Lastly, if you have had workplace accidents in your company during the year, especially accidents that resulted in work stoppages, make sure that the cause of these stoppages is indeed included in your list of health and safety risks.

  • Fourthly: Review your Health and Safety risk prevention measures.

By this point, you should have completed the update of the hazard identification and risk assessment portion. Now, it's time to tackle the prevention of health and safety risks.

The first thing to do is to check the various risk prevention measures you previously listed in your health and safety risk assessment and see if they are still relevant and comprehensive. If not, you will need to modify your risk prevention measures to remove, change, or add new ones.

There are 9 general prevention principles in The Management of Health and Safety at Work Regulations 1999 which can be summarized as follows: Avoid risks at the source whenever possible, then prioritize collective protection, then individual protection, and then train and inform employees.

Again, if you had any workplace accidents in the past year, special attention should be given to the preventive measures that could have avoided these accidents.

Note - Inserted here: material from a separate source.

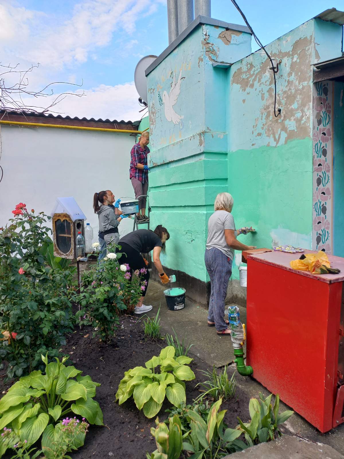 Сьогодні, 7 серпня невгамовний колектив Центру надання соціальних послуг селищної ради після вимушеної невеликої перерви, спричиненої об’єктивними обставинами, продовжив започатковану раніше акцію «Чистий четвер». Цього разу дружно працювали над зовнішнім виглядом фасадів господарських будівель та паркану – шпаклювали, білували та фарбували.
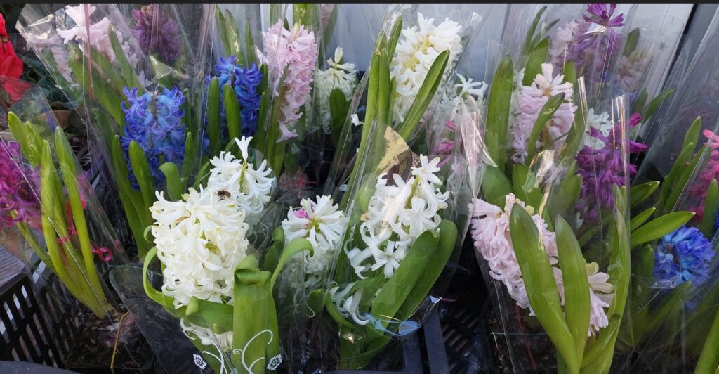 Так само традиційно великий попит на весняні квіти в горщиках. Пахучі гіацинти коштують 200 грн. за штуку, хоча напіврозкриті можна купити і за 120 грн.

If your health and safety risk assessment includes a prevention risk scheduler, try to set the implementation of these measures as a priority to prevent the same accident from happening again.

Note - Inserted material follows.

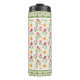 El panel de inspiración retro caprichosa presenta pájaros rosados en ramas con flores amarillas rodeados de un patrón de cuadrícula de puntos verdes

After updating the health and safety risk assessment, what should be done with the various versions?
 

  • Archiving all versions of your health and safety risk assessment

It is essential to maintain a history of the different versions of your health and safety risk assessment for several reasons:

First, for legal requirements: In many jurisdictions, there is a legal obligation to retain records of all previous versions of the health and safety risk assessment. This traceability allows various state control bodies to verify that the employer has duly fulfilled its health and safety obligations towards the employees of its company.

Second, to be able to trace the individual exposure of employees: preserving successive health and safety risk assessments can allow employees who suffer from occupational diseases to assert their right to compensation, by establishing cause-and-effect links between their current illness and the risks they faced in the past.

 

Even if some companies may believe they have no interest in deliberately facilitating the establishment of a cause-and-effect link between their employees' occupational diseases and safety within their structure, we will remind them "Every employer shall ensure that his employees are provided with such health surveillance as is appropriate having regard to the risks to their health and safety" in accordance with the The Management of Health and Safety at Work - Regulation 6. Deliberately removing evidence of employee exposure to risks that may have caused their illness is likely to prove extremely counterproductive if this were established, especially in the event of a judgment.

  • Considerations for properly storing various versions of the health and safety risk assessment:

If you were to choose only one method of storage for the various versions of your health and safety risk assessment, we would recommend it be digital. While you can certainly archive in paper format, we believe it would be best complemented by digital storage.

Indeed, digital storage allows for easy and often free storage in multiple locations (e.g., local storage on a company computer or server, cloud storage through online services, etc.). This convenience is offered by any typical email service like Gmail or Outlook, which also provide free online storage solutions of several GBs, more than enough to store all of your most sensitive company documents.

Storing both locally and in the cloud ensures that you can handle a variety of situations and always have a way to retrieve your documents, whether there's an issue with your IT infrastructure or with your hosting provider's servers. Moreover, digital documents can be encrypted if you have high IT security requirements, which is not possible with physical paper documents.